Frequently Asked Questions
Important: Do Not Run Interactive IDEs on Login Nodes
Do not run interactive coding editors or AI agents (VSCode, Cursor, Claude, etc.) on the login nodes. These tools consume excessive resources and can cause the cluster to become unusable for all users. Automated scripts are actively running to kill these processes.
For interactive development, allocate a compute node and connect your IDE to it. See: Interactive Coding & IDEs
Monitoring & Managing Your Jobs
How do I check if my job is running?
Use squeue to view your running and queued jobs:
squeue -u $USER
For more detailed information about a specific job:
squeue -j <job_id>
How do I cancel a job?
Use scancel to terminate a running or queued job:
scancel <job_id>
To cancel all of your jobs:
scancel -u $USER
How do I monitor my job’s resource usage?
Use sacct to check resource consumption of completed jobs:
sacct -j <job_id> --format=JobID,JobName,MaxRSS,Elapsed,State
For real-time monitoring while a job is running, SSH into the compute node and use top or nvidia-smi for GPU usage.
How do I check available GPUs on the cluster?
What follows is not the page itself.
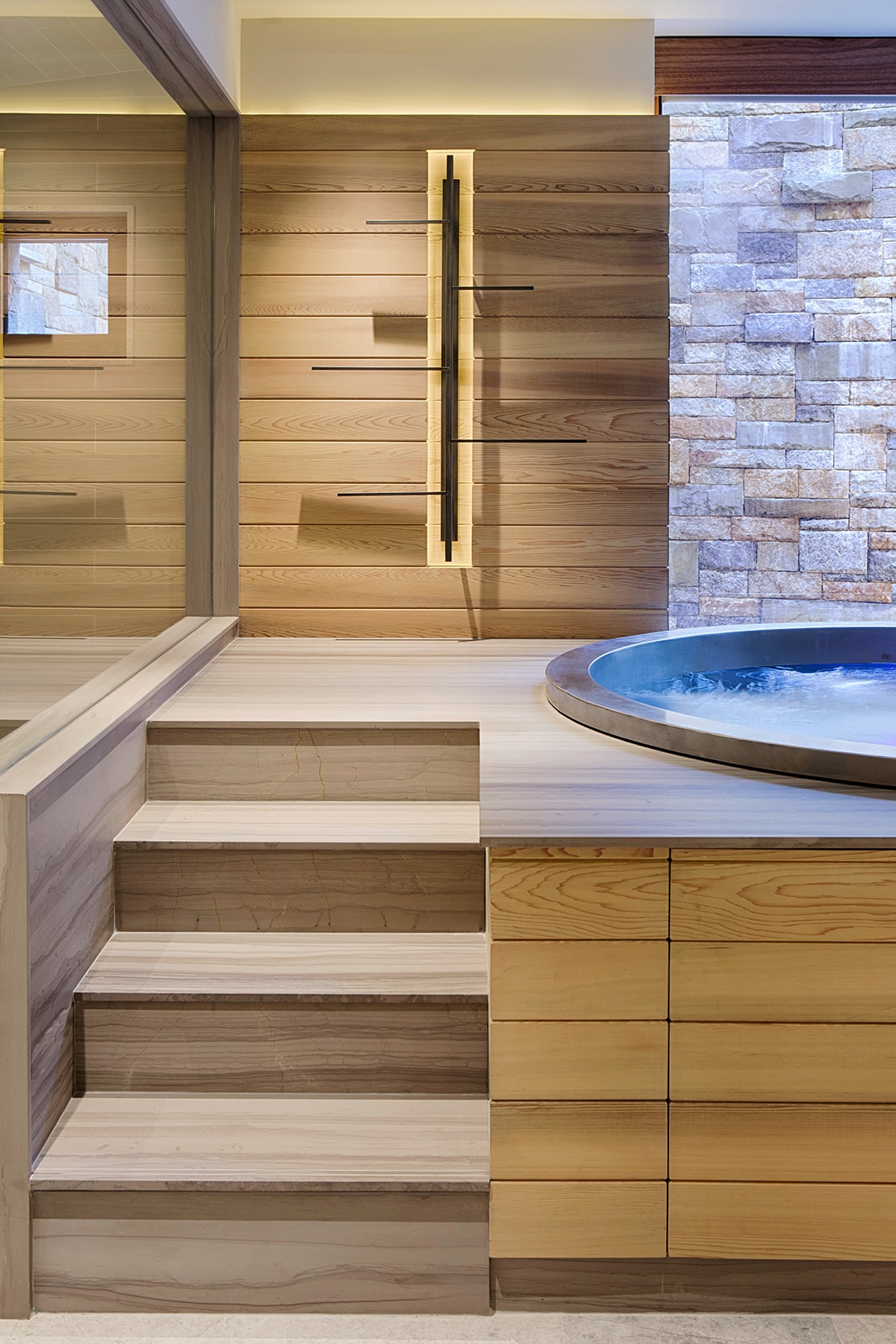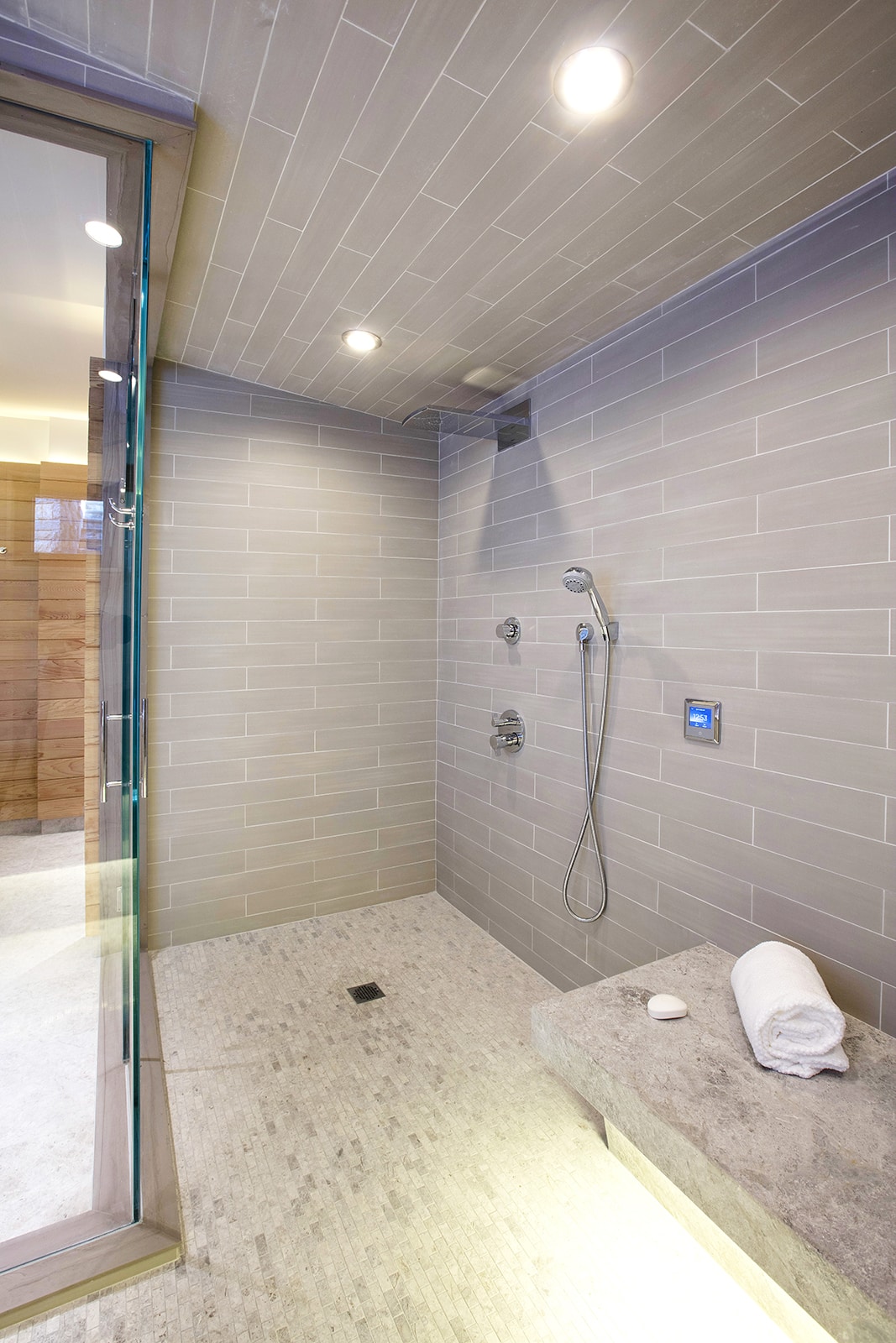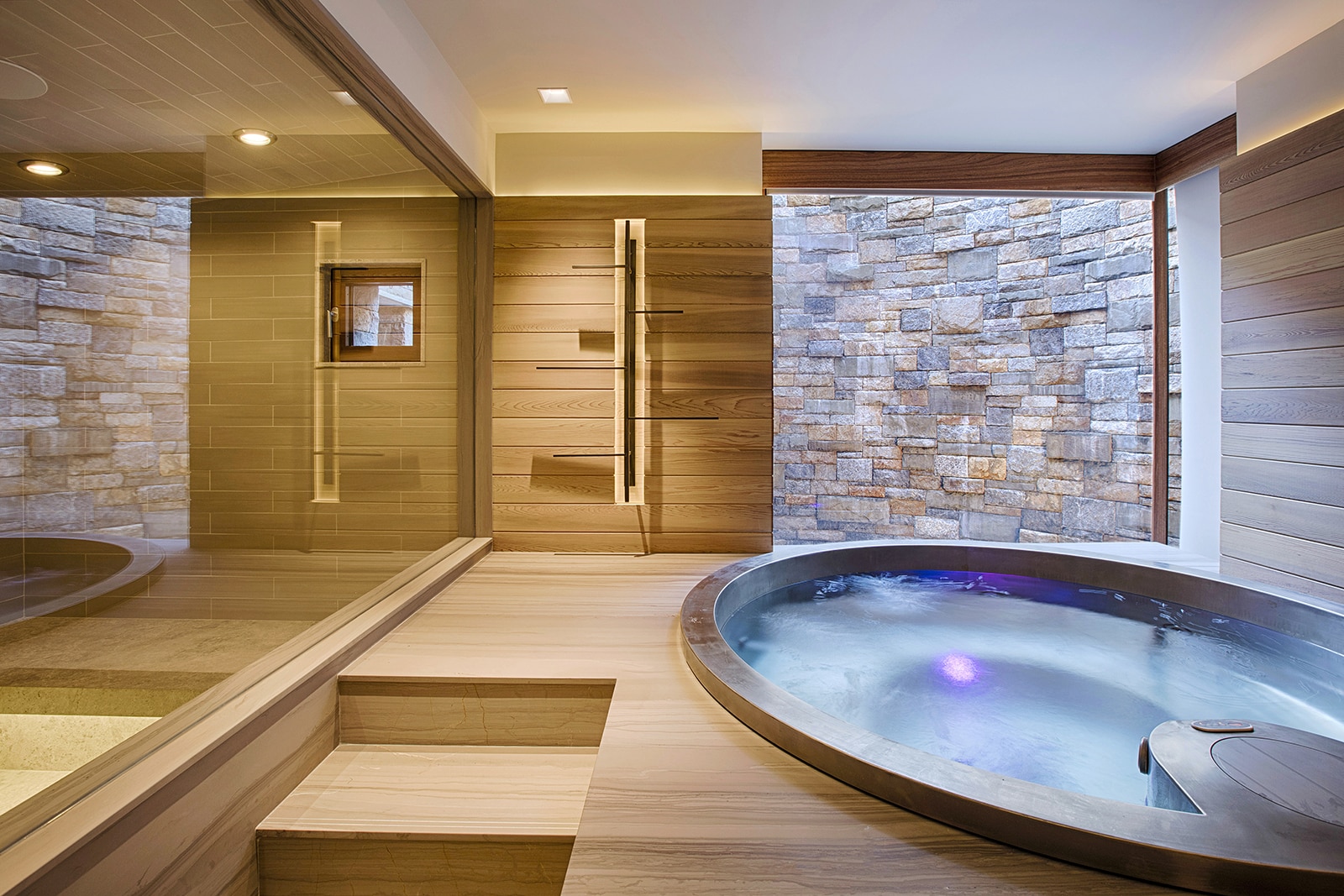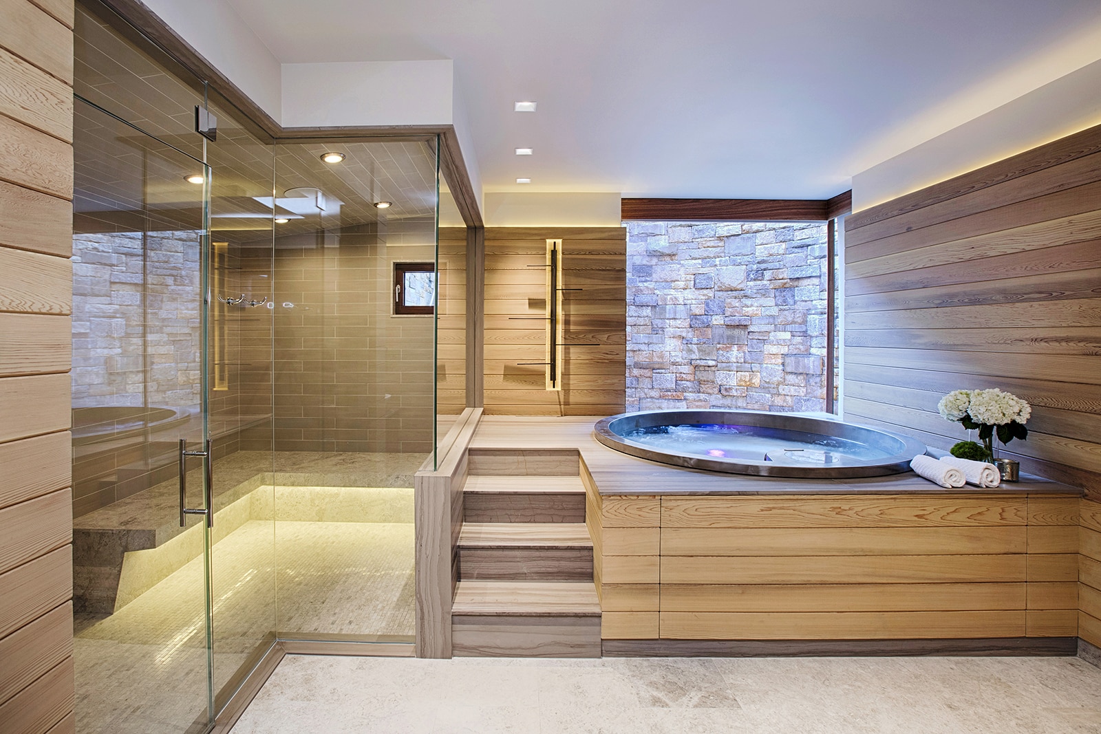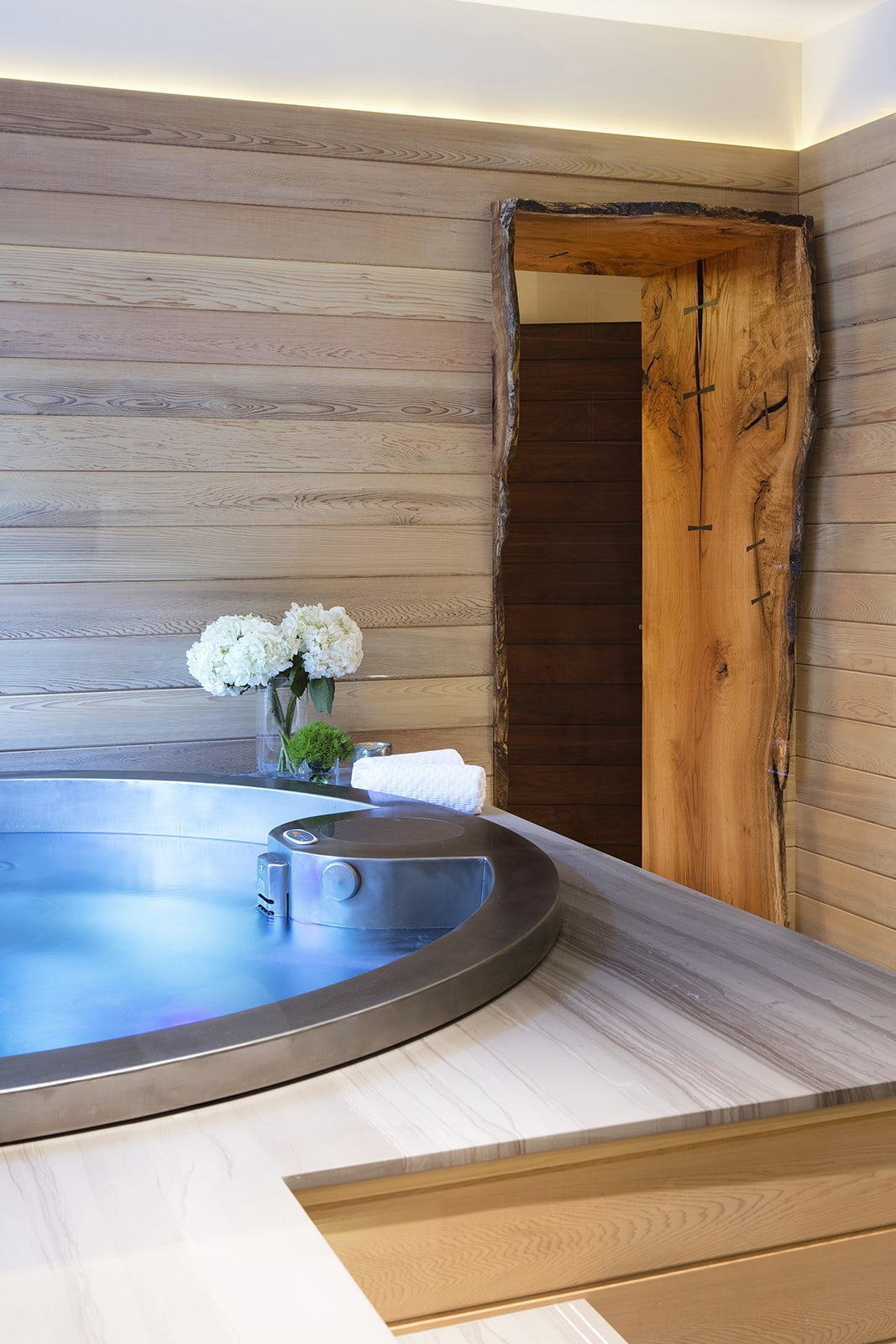 A complete gut renovation to create a luxurious spa with many components: steam room, sauna, Jacuzzi, massage area, changing room, bathroom, including custom millwork, custom tiles and sauna created on-scene.

Use sinfo to see available nodes and resources:
sinfo -p <partition_name> --format="%20N %10c %10m %20G %5t"
Or check GPU availability with:
sinfo --format="%20N %10G"
What’s the difference between sbatch and srun?
sbatch: Submit a batch script that runs non-interactively. Your job is queued and runs when resources are available. Output is written to files.srun: Run a command directly in a Slurm-allocated environment. With--pty, it gives you an interactive shell on a compute node.
Use sbatch for most work; use srun for testing commands or interactive development.
Can I run multiple jobs from one script?
Yes, using job arrays. Submit multiple similar jobs with a single sbatch command:
sbatch --array=1-100 my_script.sbatch
Each job will have a unique $SLURM_ARRAY_TASK_ID. See the Slurm documentation for advanced array job syntax.
Software & Tools
Conda
Conda distributions, such as miniconda or anaconda, must be located on either shared storage or temporary local storage on the node. See: Storage on Slurm
Pip
Packages installed with pip are automatically located in temporary local storage on the node. To install packages to shared storage, you must specify the install location with the --target option, and to use these packages you must add that location to your $PYTHONPATH environment variable.
Example:
pip install --target $MY_NFS_PATH <package>
export PYTHONPATH=$$MY_NFS_PATH:$$PYTHONPATH
Alternatively, use Python virtual environments for better organization:
python -m venv $MY_NFS_PATH/my_venv
source $MY_NFS_PATH/my_venv/bin/activate
pip install <package>
Docker Containers
Use Apptainer (formerly Singularity) instead. Docker Engine is not compatible with Slurm, as it would bypass Slurm’s ability to limit a process’s resources.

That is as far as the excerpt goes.